The bad puppies, my husband would reply, off somewhere else in the house.
We divided them so many ways. The boys and the girls. The good puppies - Graham and Molly - and the bad puppies - Sofie and Hunter. They weren't bad, not really, they were just rambunctious and troublesome when they were younger, and somewhere along the line, christened by who they were. Graham is the sweetest. He still fully believes that he only weighs 8 pounds, he prances through the world, he has an innocence to his soul that is born of a life where you are confidently loved from the start. Molly is the cutest, she adorably leaps and pounces and jumps when she barks. Hunter is the loudest, but also the snuggliest. He routinely wins the Best Morning Couch Snuggler Award; but man, he barks too much. Sofie - she's just the best. She tries the hardest, she listens better than any of our other dogs, and no matter who you call from the upstairs bedroom, she comes running.
Everyone has a family that looks different, and you can never know from the outside why it is that way. No one can see what they tried to create and failed, or when they questioned their future, or the decisions that they made on how to fill up their lives, on what kind of love became home. I never dreamt of having dogs, not one - certainly not four.

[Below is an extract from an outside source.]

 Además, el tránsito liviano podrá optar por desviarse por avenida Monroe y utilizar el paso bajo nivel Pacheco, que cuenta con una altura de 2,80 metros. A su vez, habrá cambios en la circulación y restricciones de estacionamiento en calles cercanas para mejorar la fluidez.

But after my divorce was final in 2009, I decided to adopt Graham, an 8-pound puffball that peed on the Christmas tree and curled up in my running shoes and helped to heal over the cracks. One became two, became three, four. We didn't understand that we had been less than whole until we were a family of six, and then it was like we had never been any less. A force greater than what we could choose; once we were complete, the door slipped shut around us.
You don't realize when you are growing into your identity, but I became the girl with four dogs. I get messages all the time, I have one dog and I'm thinking of getting another can you give me some advice? When I was volunteering at IM Boulder a few years back, the pro women switched places and when I said, hi, I'm Katie to my new pro, she said, oh my god do you have four golden retrievers? My husband wanted to print a handout for the dog park that said, no, they are not all related; their names are Graham Molly Sofie Hunter; they are 9/8/8/4 years old; yes we run the vacuum every day. It was my family, and I adored every minute of it from the inside, even when they barfed on the bed at 3am and wouldn't leave me alone to pee. Somehow it was more fundamental than us all living in the same house together. It was - it is - the best part of who I am, all wrapped up in laughter and barking and so much floating blonde hair.

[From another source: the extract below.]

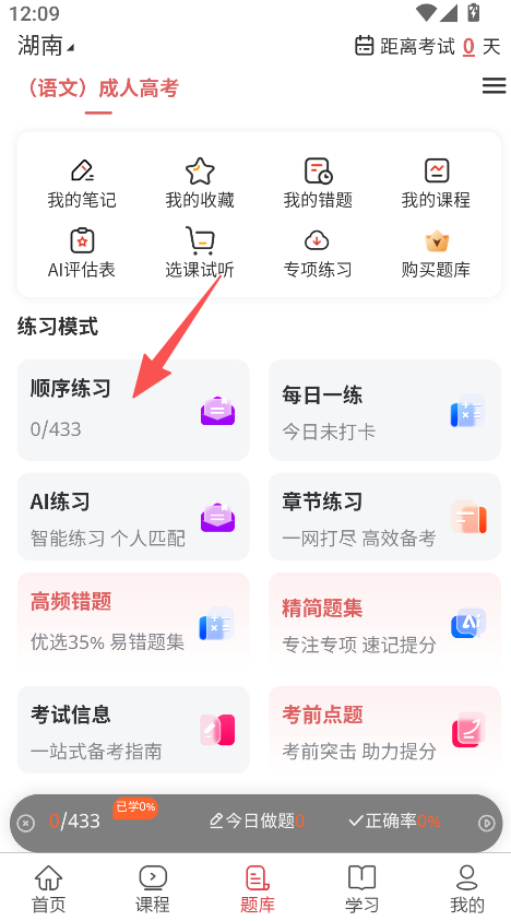 1、提供多类练习功能,选择顺序练习等模式,完成对应题目练习,推进成人高考备考进度。

Thursday. Friday. Saturday. The vet called as soon as her tests came back and told my husband to take her over to the critical care hospital, drop everything, go, right now. Her kidney values and calcium had risen dramatically since the blood work they had done the previous Friday. I talked to the critical care doctor on the phone, and she told me that it was serious, but not yet a life or death situation. But Sofie got worse instead of better, and late Friday night, the vet told me that I needed to come home.
My flight landed early Saturday morning and we drove straight to the hospital. They brought her out to see me and it was shocking, how lifeless she was. She had a cone on because she kept chewing her catheter out but she hung her head as they walked her down the hall. Maybe then I knew, maybe I refused to believe what I saw, but it was different than all those times when Graham was so sick. In that moment, she had already given up.
There weren't many things that it could be, and after 48 hours in the hospital they had narrowed it down to two separate diseases that they could test for, but the tests needed to be shipped off to Michigan and would take a week. I remember looking at her then, the first of many breakdowns, because I wasn't sure she had a week. I wasn't sure she had any time left at all.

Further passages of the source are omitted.